## `Influence of Machine Learning on the Diagnosis of Cardiovascular Diseases`

### `Problem Statement`

Cardiovascular Diseases (CVDs) are considered the leading cause of mortality globally, with at least `80%` of deaths associated with heart disease and strokes in individuals below the age of `70 years` (Rana et al., 2025). Indications that a patient has CVD are high levels of biomarkers in their blood, significant chest pain and abnormal readings on an ECG. Surprisingly, a lot of patients with CVD are difficult to diagnose using ECG when their results are largely normal. Therefore, the use of AI approaches can make a significant difference in how we diagnose CVD, ultimately improving the outcomes.

### `Objectives`

#### `General Objective`
- To develop a machine learning predictive model to aid in the diagnosis of cardiovascular diseases.

#### `Specific Objectives`

- To examine the appliations of machine learning in the diagnosis of CVDs.
- To evaluate the accuracy of machine learning tools in the diagnosis of CVDs.
- To design a machine learning model to diagnose CVDs.
- To evaluate and validate the developed CVDs diagnosing machine learning model using performance metrics.

### `Data Understanding`

The source of the data is: [kaggle](https://www.kaggle.com/datasets/sulianova/cardiovascular-disease-dataset)

`DISCLAIMER:` Kaggle datasets are meant for simulations and modelling, and not necessarily reflect the real word context.

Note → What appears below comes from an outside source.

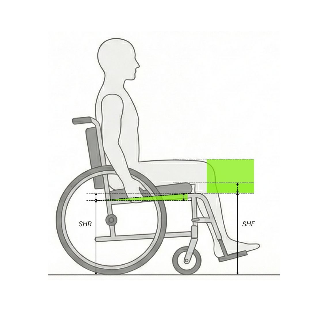 Front Height (SHF): Determines accessibility to the surrounding environment (e.g., fitting under tables) and the ease of transfers. An excessive front height makes independent transfers complex and prevents the feet from touching the ground if necessary. A height that is too low exposes the footrests to the risk of hitting the ground or obstacles, and can increase pressure on the buttocks.

The data used in this study comprises of: 
- `Age` | Objective Feature | age | int (days)
- `Height` | Objective Feature | height | int (cm) |
- `Weight` | Objective Feature | weight | float (kg) |
- `Gender` | Objective Feature | gender | categorical code |
- `Systolic blood pressure` | Examination Feature | ap_hi | int |
- `Diastolic blood pressure` | Examination Feature | ap_lo | int |
- `Cholesterol` | Examination Feature | cholesterol | 1: normal, 2: above normal, 3: well above normal |
- `Glucose` | Examination Feature | gluc | 1: normal, 2: above normal, 3: well above normal |
- `Smoking` | Subjective Feature | smoke | binary |
- `Alcohol intake` | Subjective Feature | alco | binary |
- `Physical activity` | Subjective Feature | active | binary |
- `Presence or absence of cardiovascular disease` | Target Variable | cardio | binary |

### `Performance Metrics`

- `Precision`: The desired precision score for this diagnosis support system is of range `0.80 - 0.95+`. Critical for minimizing unnecessary treatments.
- `Recall`: Recall score equal or greater than `0.85`. Important for not missing real disease cases.
- 

### `Libraries`

In [3]:
# Custom
from functions import duplicated
# Standard
import pandas as pd 
from ydata_profiling import ProfileReport
import numpy as np 
import matplotlib.pyplot as plt 
%matplotlib inline
import seaborn as sns
import warnings
warnings.filterwarnings('ignore')

### `Load the data`

In [4]:
data = pd.read_csv("archive\cardio_train.csv", index_col=0, sep=";")
data.head(10)

Unnamed: 0_level_0,age,gender,height,weight,ap_hi,ap_lo,cholesterol,gluc,smoke,alco,active,cardio
id,Unnamed: 1_level_1,Unnamed: 2_level_1,Unnamed: 3_level_1,Unnamed: 4_level_1,Unnamed: 5_level_1,Unnamed: 6_level_1,Unnamed: 7_level_1,Unnamed: 8_level_1,Unnamed: 9_level_1,Unnamed: 10_level_1,Unnamed: 11_level_1,Unnamed: 12_level_1
0,18393,2,168,62.0,110,80,1,1,0,0,1,0
1,20228,1,156,85.0,140,90,3,1,0,0,1,1
2,18857,1,165,64.0,130,70,3,1,0,0,0,1
3,17623,2,169,82.0,150,100,1,1,0,0,1,1
4,17474,1,156,56.0,100,60,1,1,0,0,0,0
8,21914,1,151,67.0,120,80,2,2,0,0,0,0
9,22113,1,157,93.0,130,80,3,1,0,0,1,0
12,22584,2,178,95.0,130,90,3,3,0,0,1,1
13,17668,1,158,71.0,110,70,1,1,0,0,1,0
14,19834,1,164,68.0,110,60,1,1,0,0,0,0


In [23]:
# Data report 
ProfileReport(data).to_file("DataReport.html")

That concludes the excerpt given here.